In the parallel case, memory requirements depend on the number of partition pairs that are joined in parallel. For example, if the degree of parallelism is 20 and the number of partitions is 100, five times less memory is required because only 20 joins of two partitions are performed at the same time. The fact that partitionwise joins require less memory has a direct effect on performance. For example, the join probably does not need to write blocks to disk during the build phase of a hash join.

Back to Topic List

1. Create Two Additional Hash-Partitioned Tables and Indexes

One of the driving factors (besides parallel execution) that the Oracle database uses to decide whether or not to perform partitionwise joins is the physical structure of the objects that are joined. Two additional tables are needed to demonstrate partitionwise joins.

1.

Create a hash-partitioned table with the same structure as the customers dimension table. From a SQL*Plus session logged on to the SH schema, run the following SQL statements in your SQL*Plus session to create the additional structures:

                               
@
                                
c:\wkdir\create_cust_hash.sql

DROP TABLE customers_hash;
                                
CREATE TABLE customers_hash
( cust_id NUMBER
, cust_first_name VARCHAR2(20)
, cust_last_name VARCHAR2(40)
, cust_gender CHAR(1)
, cust_year_of_birth NUMBER(4)
, cust_marital_status VARCHAR2(20)
, cust_street_address VARCHAR2(40)
, cust_postal_code VARCHAR2(10)
, cust_city VARCHAR2(30)
, cust_city_id number
, cust_state_province VARCHAR2(40)
, cust_state_province_id number
, country_id number
, cust_main_phone_number VARCHAR2(25)
, cust_income_level VARCHAR2(30)
, cust_credit_limit NUMBER
, cust_email VARCHAR2(30)
, cust_total varchar2(14)
, cust_total_id number
, cust_src_id number
, cust_eff_from date
, cust_eff_to date
, cust_valid varchar2(1)
)
PCTFREE 5
PARTITION BY HASH (cust_id)
(PARTITION h1_cust, PARTITION h2_cust,PARTITION h3_cust,PARTITION h4_cust,
PARTITION h5_cust,PARTITION h6_cust,PARTITION h7_cust,PARTITION h8_cust,
PARTITION h9_cust,PARTITION h10_cust,PARTITION h11_cust,PARTITION h12_cust,
PARTITION h13_cust,PARTITION h14_cust,PARTITION h15_cust,PARTITION h16_cust);
CREATE UNIQUE INDEX customers_hash_pk
ON customers_hash (cust_id) ;
ALTER TABLE customers_hash
ADD ( CONSTRAINT customers_hash_pk
PRIMARY KEY (cust_id) RELY ENABLE VALIDATE
) ;

 

2.

Create a composite range-hash-partitioned table with the same structure as the sales fact table.

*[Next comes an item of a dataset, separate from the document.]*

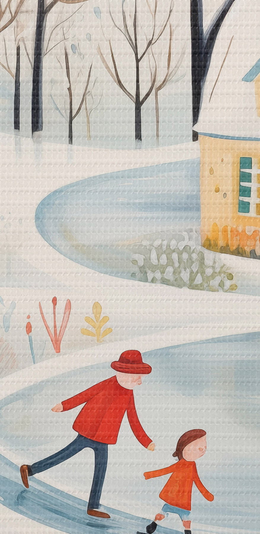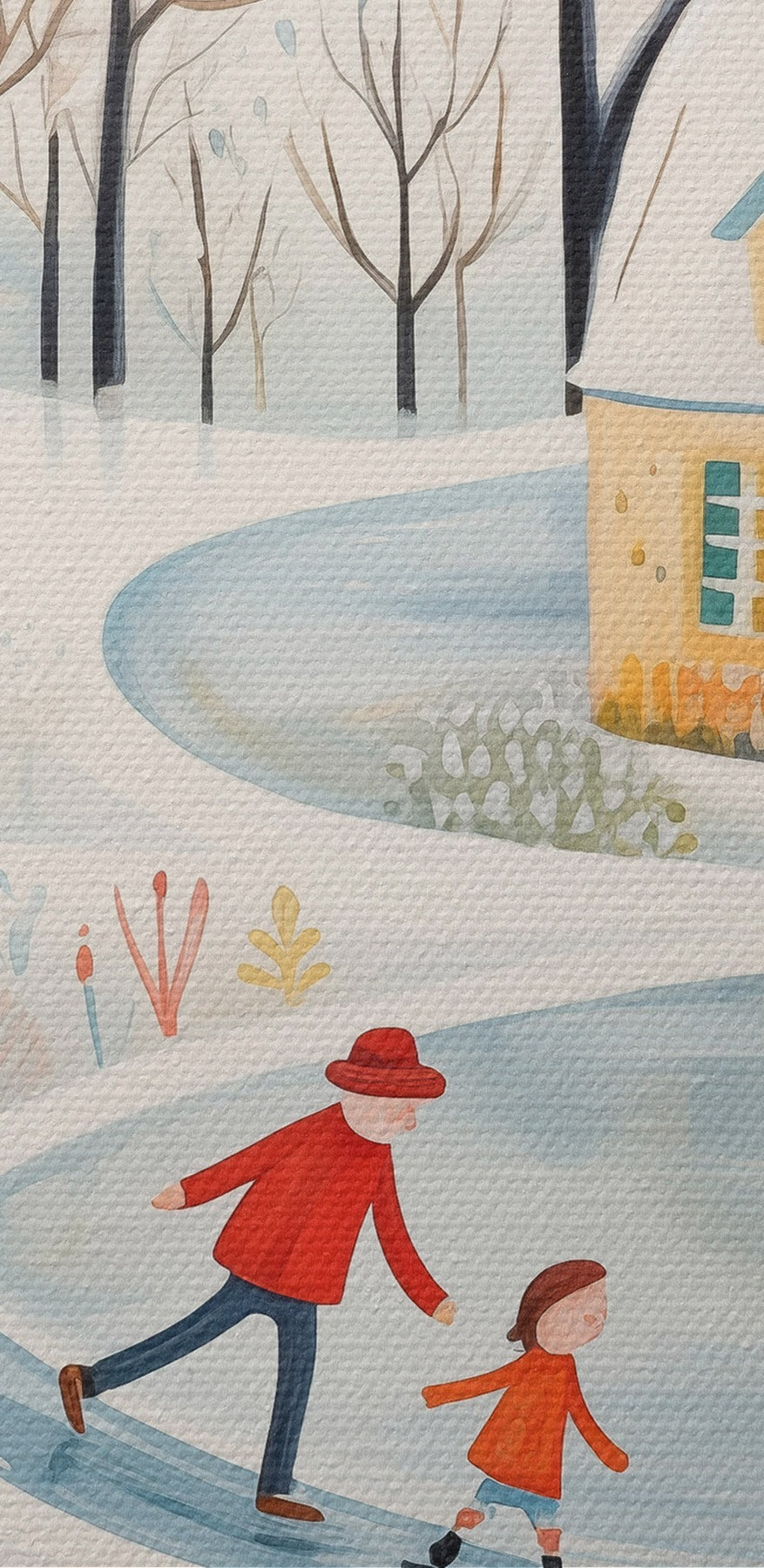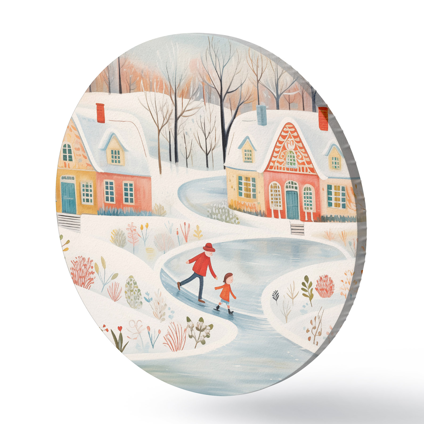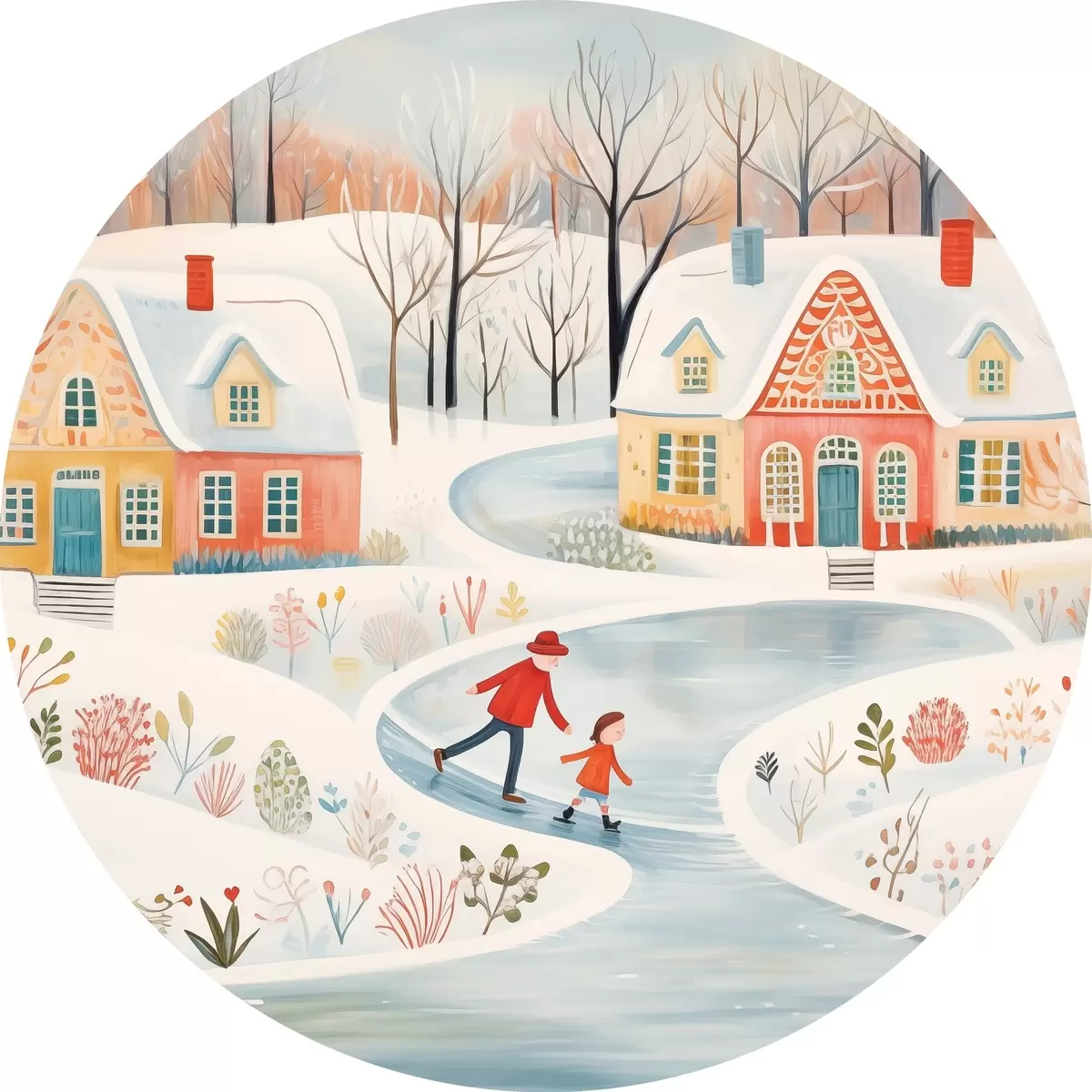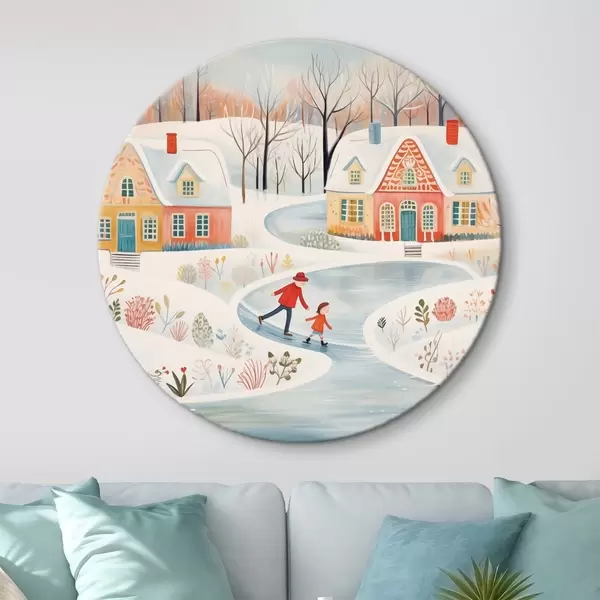 Nuotrauka Žiemos kaimas, miškas, gėlės, čiuožyklos, spalvingi namai Nr r41378

                               
                                 
@c:\wkdir\create_sales_hash.sql
                              
                              

DROP TABLE sales_hash;
                                
CREATE TABLE sales_hash
( prod_id NUMBER
, cust_id NUMBER
, time_id DATE
, channel_id NUMBER
, promo_id NUMBER
, quantity_sold NUMBER(10,2)
, amount_sold NUMBER(10,2)
)PCTFREE 5 NOLOGGING
PARTITION BY RANGE (time_id)
SUBPARTITION BY HASH (cust_id)
SUBPARTITIONS 16
(PARTITION SALES_HASH_1995 VALUES LESS THAN (TO_DATE('01-JAN-1996','DD-MON-YYYY')),
PARTITION SALES_HASH_1996 VALUES LESS THAN (TO_DATE('01-JAN-1997','DD-MON-YYYY')),
PARTITION SALES_HASH_1_1997 VALUES LESS THAN (TO_DATE('01-JUL-1997','DD-MON-YYYY')),
PARTITION SALES_HASH_2_1997 VALUES LESS THAN (TO_DATE('01-JAN-1998','DD-MON-YYYY')),
PARTITION SALES_HASH_Q1_1998 VALUES LESS THAN (TO_DATE('01-APR-1998','DD-MON-YYYY')),
PARTITION SALES_HASH_Q2_1998 VALUES LESS THAN (TO_DATE('01-JUL-1998','DD-MON-YYYY')),
PARTITION SALES_HASH_Q3_1998 VALUES LESS THAN (TO_DATE('01-OCT-1998','DD-MON-YYYY')),
PARTITION SALES_HASH_Q4_1998 VALUES LESS THAN (TO_DATE('01-JAN-1999','DD-MON-YYYY')),
PARTITION SALES_HASH_Q1_1999 VALUES LESS THAN (TO_DATE('01-APR-1999','DD-MON-YYYY')),
PARTITION SALES_HASH_Q2_1999 VALUES LESS THAN (TO_DATE('01-JUL-1999','DD-MON-YYYY')),
PARTITION SALES_HASH_Q3_1999 VALUES LESS THAN (TO_DATE('01-OCT-1999','DD-MON-YYYY')),
PARTITION SALES_HASH_Q4_1999 VALUES LESS THAN (TO_DATE('01-JAN-2000','DD-MON-YYYY')),
PARTITION SALES_HASH_Q1_2000 VALUES LESS THAN (TO_DATE('01-APR-2000','DD-MON-YYYY')),
PARTITION SALES_HASH_Q2_2000 VALUES LESS THAN (TO_DATE('01-JUL-2000','DD-MON-YYYY')),
PARTITION SALES_HASH_Q3_2000 VALUES LESS THAN (TO_DATE('01-OCT-2000','DD-MON-YYYY')),
PARTITION SALES_HASH_Q4_2000 VALUES LESS THAN (TO_DATE('01-JAN-2001','DD-MON-YYYY')),
PARTITION SALES_HASH_Q1_2001 VALUES LESS THAN (TO_DATE('01-APR-2001','DD-MON-YYYY')),
PARTITION SALES_HASH_Q2_2001 VALUES LESS THAN (TO_DATE('01-JUL-2001','DD-MON-YYYY')),
PARTITION SALES_HASH_Q3_2001 VALUES LESS THAN (TO_DATE('01-OCT-2001','DD-MON-YYYY')),
PARTITION SALES_HASH_Q4_2001 VALUES LESS THAN (TO_DATE('01-JAN-2002','DD-MON-YYYY')))
;
CREATE BITMAP INDEX sales_cust_hash_bix
ON sales_hash (cust_id)
LOCAL NOLOGGING;

 

Back to Topic

2. Import Statistics for Those Two Tables

You have set up two additional tables, customers_hash and sales_hash, but they do not contain any data. Instead of duplicating data from the source tables, customers and sales, you will use export and import to create table statistics without any data. This functionality was introduced with Oracle8 i.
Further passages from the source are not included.